Data entries:
──────────
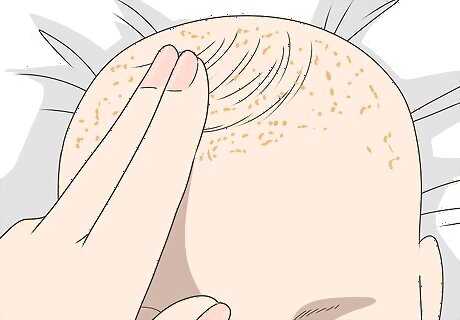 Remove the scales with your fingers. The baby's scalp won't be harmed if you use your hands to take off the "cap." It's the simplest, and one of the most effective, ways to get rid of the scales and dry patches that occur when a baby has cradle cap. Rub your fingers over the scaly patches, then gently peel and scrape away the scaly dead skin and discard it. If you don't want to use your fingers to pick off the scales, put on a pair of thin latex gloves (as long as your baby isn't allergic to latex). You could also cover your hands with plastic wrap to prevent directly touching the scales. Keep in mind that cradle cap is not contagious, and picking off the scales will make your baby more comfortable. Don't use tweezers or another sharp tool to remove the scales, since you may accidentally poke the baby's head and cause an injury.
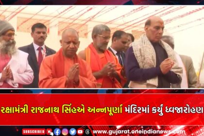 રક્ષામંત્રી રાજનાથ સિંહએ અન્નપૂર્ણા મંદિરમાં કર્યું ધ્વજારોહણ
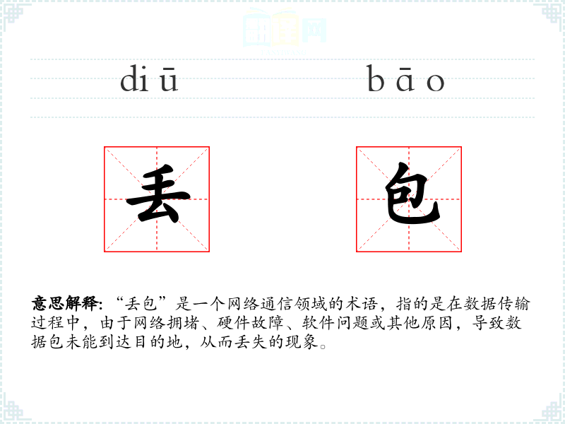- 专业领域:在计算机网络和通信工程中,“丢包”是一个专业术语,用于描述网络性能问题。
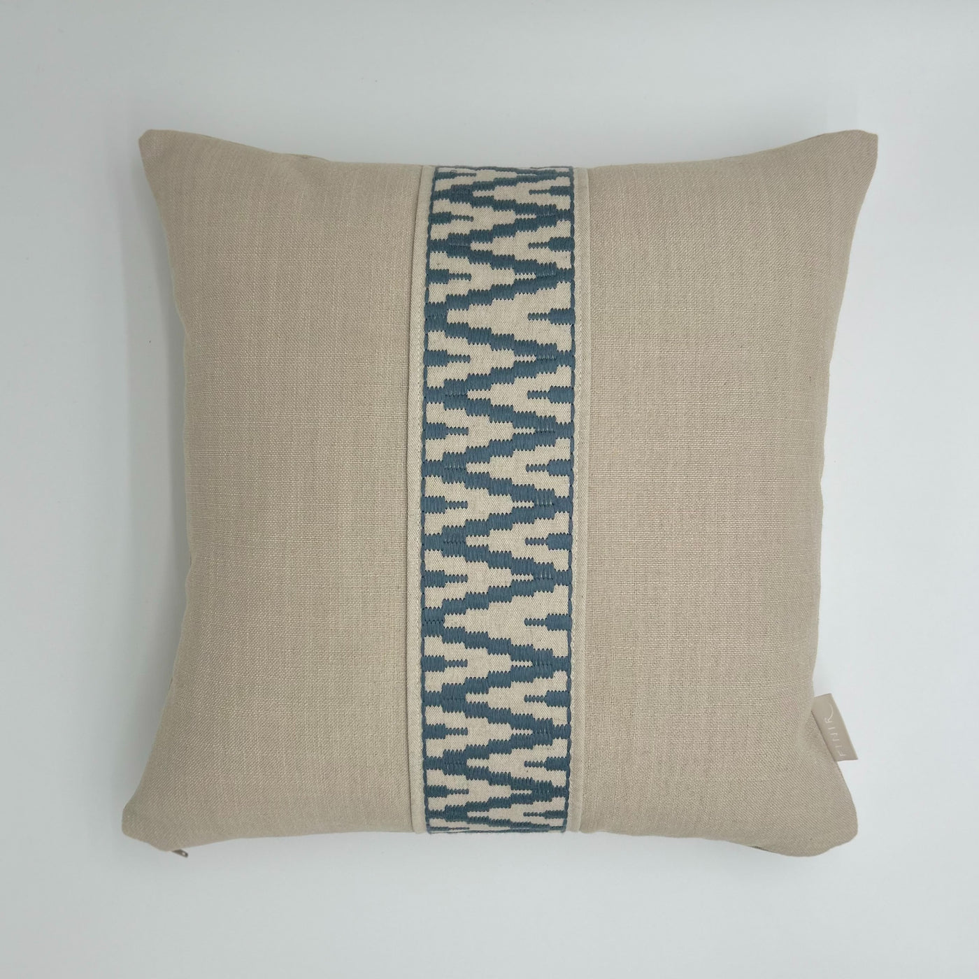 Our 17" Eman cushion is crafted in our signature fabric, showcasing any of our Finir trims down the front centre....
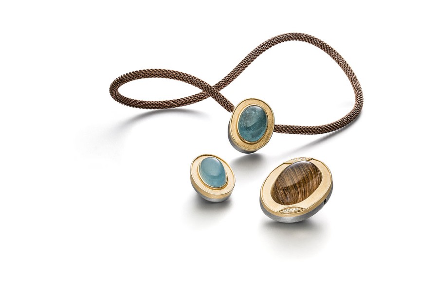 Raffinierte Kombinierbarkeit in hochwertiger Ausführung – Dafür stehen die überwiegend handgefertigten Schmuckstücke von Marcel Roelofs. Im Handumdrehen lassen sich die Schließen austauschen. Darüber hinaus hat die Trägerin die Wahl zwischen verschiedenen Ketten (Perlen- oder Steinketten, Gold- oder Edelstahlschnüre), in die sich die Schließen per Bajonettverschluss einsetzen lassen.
──────────
### EXERCISE PROMPT
The lines to copy exactly start with the line above that has "રક્ષામંત્રી રાજનાથ સિંહએ" and go on through the line that has "the front centre...."; please include both, add nothing else, and omit the pictures.

### SOLUTION TO THIS TASK
 રક્ષામંત્રી રાજનાથ સિંહએ અન્નપૂર્ણા મંદિરમાં કર્યું ધ્વજારોહણ
- 专业领域:在计算机网络和通信工程中,“丢包”是一个专业术语,用于描述网络性能问题。
 Our 17" Eman cushion is crafted in our signature fabric, showcasing any of our Finir trims down the front centre....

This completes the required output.